A massive amount of data on complex genomes has been published, especially on the human genome. The next step is to decide what this data means. Here are the most important questions from my perspective.
- We have a pretty good idea of the number of protein-coding genes (~20,000) but we don't know how many genes specify functional RNAs. Is it 5,000, 50,000, or more? What do know from big data science (like ENCODE) is that almost all parts of the human genome are transcribed in some cells at some time. What we don't need is more experiments documenting pervasive transcription. It's time to do the hard work and figure out just how many of these transcripts have a biological function.
- Big data science has demonstrated that various transcription factors bind all over the genome. This is pretty much what you'd expect for spurious binding given the small size of the binding sites. Now we need to find out which of these binding sites are spurious and nonfunctional and which ones actually play a role in gene expression. That means getting into the lab and looking carefully at specific examples. What we don't need are more big data experiments covering every known transcription factor binding site in every known tissue at various stages of development. We know for a fact that most of this data will be useless in terms of recognizing biological function. It's time to find out how much of the data we already have is going to be useful.
- Same for alternative splicing. How much of it represents real biologically functional alternative transcripts and how much is due to splicing accidents? That's the important question. We don't need more data until that issue is resolved.

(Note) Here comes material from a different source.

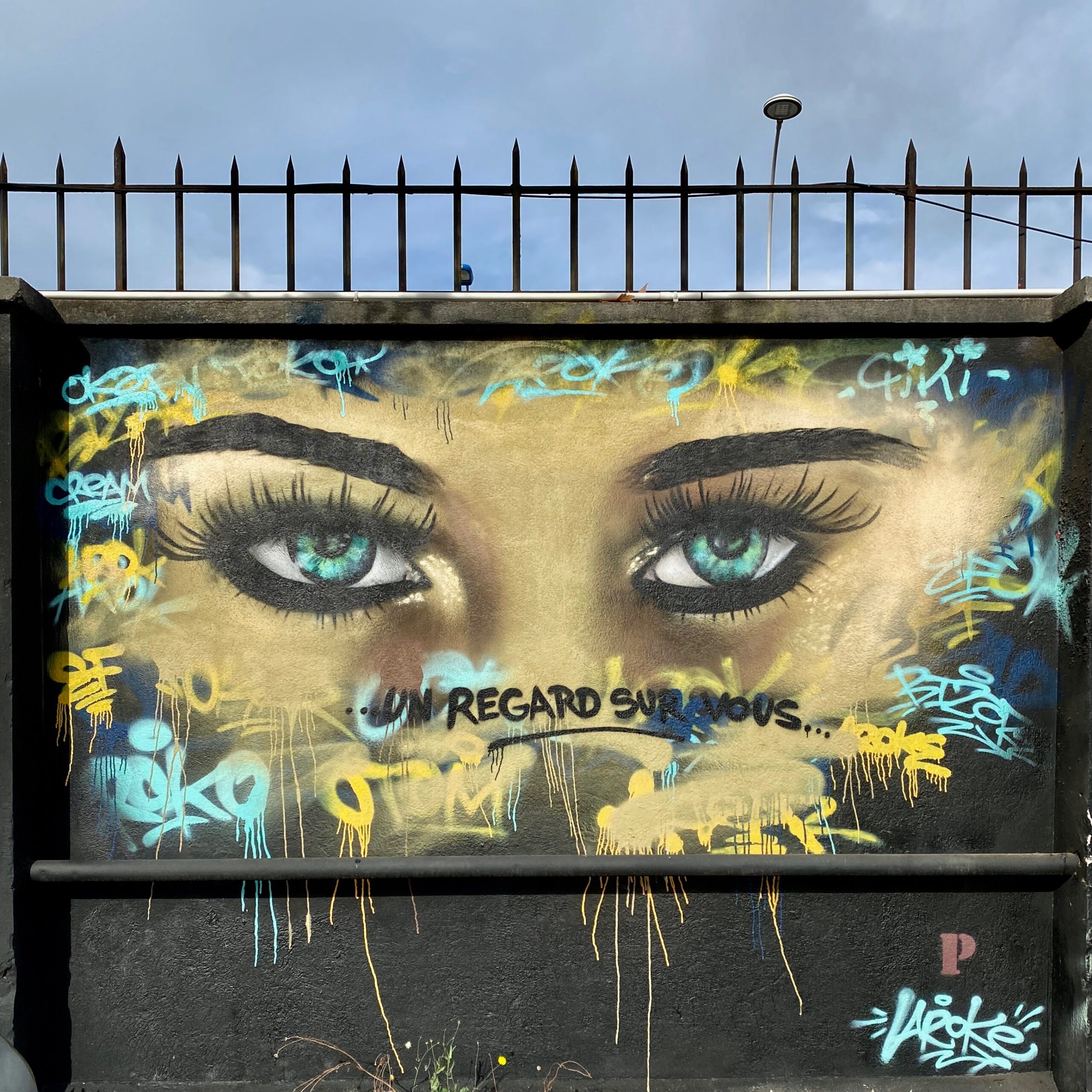 So it was with curiosity that we continued our walk with Andy, discovering the first free expression wall, which is none other than the outside perimeter wall of 109. I was amazed to discover 4 portraits! The first one blew me away, because yes, Jean Rooble is the great specialist in hyperrealism in France… and we’re often used to attributing this movement to the Americans, who reproduce beautiful photos wonderfully with a brush. But Jean Rooble comes from a graffiti, lettering and wild style background, and he works exclusively with spray paint… What he brings to hyperrealism is a palpable touch of humanity… with each work we are discovering new feelings. This face from a photograph by Ken Wongyoukhong was like a new punch for me. It’s a striking work that I didn’t expect to see in the streets of clean-cut Nice. What a show!

- There are many different markers that identify open and closed chromatin regions in the genome. They include DNA methylation sites and various histone modifications. Lots of these have been mapped in different tissues. What does it mean? There are millions of them. Do they all represent regions of the genome that have a biological function or are most of them just spurious sites? We have enough already. We don't need more data, especially if it's not telling us anything useful.

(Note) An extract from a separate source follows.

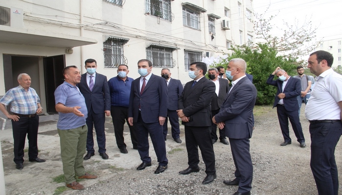 Daha sonra şəhər rəhbəri Gəncənin Gülüstan yaşayış massivindəki çoxmənzilli yaşayış binalarının fasadları və giriş qəfəslərində aparılan təmir işləri ilə tanış olub. O, burada sakinlərlə görüşüb, onlarla söhbət edərək, şikayət və təkliflərini dinləyib.

PloS Biology also wondered about the future of genetics and genomics [Where Next for Genetics and Genomics?].
The last few decades have utterly transformed genetics and genomics, but what might the next ten years bring? PLOS Biology asked eight leaders spanning a range of related areas to give us their predictions. Without exception, the predictions are for more data on a massive scale and of more diverse types. All are optimistic and predict enormous positive impact on scientific understanding, while a recurring theme is the benefit of such data for the transformation and personalization of medicine. Several also point out that the biggest changes will very likely be those that we don’t foresee, even now.That's a remarkable contrast with my view of what needs to be done. I suspect that these eight leaders are going to be better predictors of the future than I am. I suspect that we're just going to see more of the same for the next few years so that by 2020 we'll be no further ahead than we are now and none of my questions will be answered.
The phenomenon is familiar. When you have a big hammer, everything looks like a nail. Most of the genomics workers are unfamiliar with the nitty gritty of ordinary biochemistry and molecular biology but that's exactly what we need right now.